Forex Top Team

Attention on US Employment Statistics, Confirming the Trend of Dollar Weakness

This week, amidst reports concerning the Bank of Japan, the yen’s strength has been notable. However, overshadowed by this, the dollar market has also seen a predominance of dollar selling. Whether the US employment statistics released today will solidify the trend of dollar weakness for the coming week or return the market to a state of confusion is something to watch closely.

The consensus forecast for the February US employment statistics to be released this time is an increase of 200,000 in the number of employed persons. After exceeding all major economists’ expectations with an increase of 353,000 in January, maintaining an average increase will be crucial. If there’s a recoil decrease, it could lead to a continuation of the trend of dollar weakness.

The unemployment rate is expected to remain at 3.7%, the same level as the previous month. Average hourly earnings are anticipated to grow by 4.3% year-on-year, a slight slowdown from the previous +4.5%. Similarly, the month-on-month growth is expected to slow down from +0.6% to +0.2%.
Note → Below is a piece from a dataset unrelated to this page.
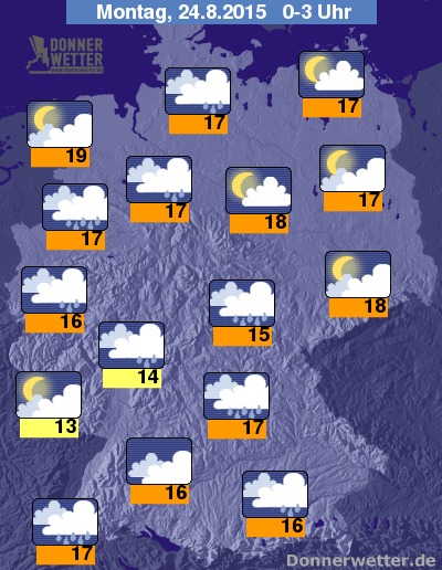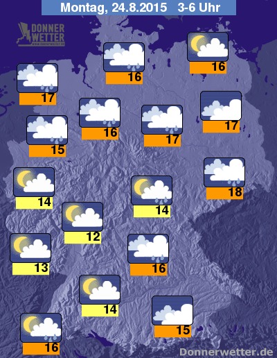 Im weiteren Nachtverlauf breiten sich die Regengebiete dann auf die mittleren und nördlichen Landesteile aus. Allein im äußersten Nordsten bleibt es überwiegend trocken.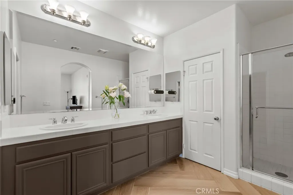 Discover the perfect blend of style, comfort, and convenience in this beautifully updated home, ideally situated in the picturesque and highly desirable community of Stevenson Ranch. Stunning updates include elegant chevron flooring, the kitchen is adorned with sleek quartz countertops, modern cabinetry, and premium appliancesall newly completed just last year. Enjoy peaceful mornings or unwind in the evening on your private balcony overlooking a tranquil greenbelt, located just off the dining area for seamless indoor-outdoor living. This inviting residence offers 2 spacious bedrooms, 2 tastefully remodeled bathrooms, and 1,130 SqFt of well-designed living space. Additional highlights include an in-unit laundry area and a convenient 2-car attached garage. Residents of the Treana neighborhood enjoy fantastic amenities, including a sparkling community pool and spa. With close proximity to shopping, dining, top-rated schools, and easy freeway access, this home delivers both comfort and an exceptional lifestyle. Opportunities like this dont come oftenmake it yours before its gone.

Other indicators to be released include the Eurozone’s real GDP final figure for the fourth quarter and Canada’s employment statistics for February.

In terms of speaking events, there will be a press conference by Simkus, Governor of the Bank of Lithuania, and an event attended by Holzmann, Governor of the Austrian National Bank. While ECB President Lagarde explicitly stated there was no discussion of rate cuts, the economic forecasts from staff suggested a downward revision in inflation forecasts as anticipated by the market. It’s worth checking for any rate cut-related comments from ECB officials.
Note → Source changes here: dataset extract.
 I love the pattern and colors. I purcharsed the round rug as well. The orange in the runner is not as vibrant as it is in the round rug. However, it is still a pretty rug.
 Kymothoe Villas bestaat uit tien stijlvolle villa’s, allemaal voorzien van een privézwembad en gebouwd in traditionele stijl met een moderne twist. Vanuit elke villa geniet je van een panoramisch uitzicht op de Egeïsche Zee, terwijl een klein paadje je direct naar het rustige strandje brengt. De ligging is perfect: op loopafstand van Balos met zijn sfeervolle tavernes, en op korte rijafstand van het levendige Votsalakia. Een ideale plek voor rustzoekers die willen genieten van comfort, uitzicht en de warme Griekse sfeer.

Additionally, ahead of the weekend blackout period before the FOMC meeting, there will be speeches by Fed officials, starting with New York Fed President Williams participating in a panel discussion today. Following Chairman Powell’s congressional testimony, these final remarks from key officials before the FOMC meeting will be closely watched.

Today’s focus is on the February US Non-Farm Payrolls (NFP) [month-on-month] and the February unemployment rate, both scheduled for release. It’s important to monitor the market movements following these releases. Given the significant dollar selling already seen this week, a positive outcome could lead to a strong buyback, making it easier to ride the short-term trend.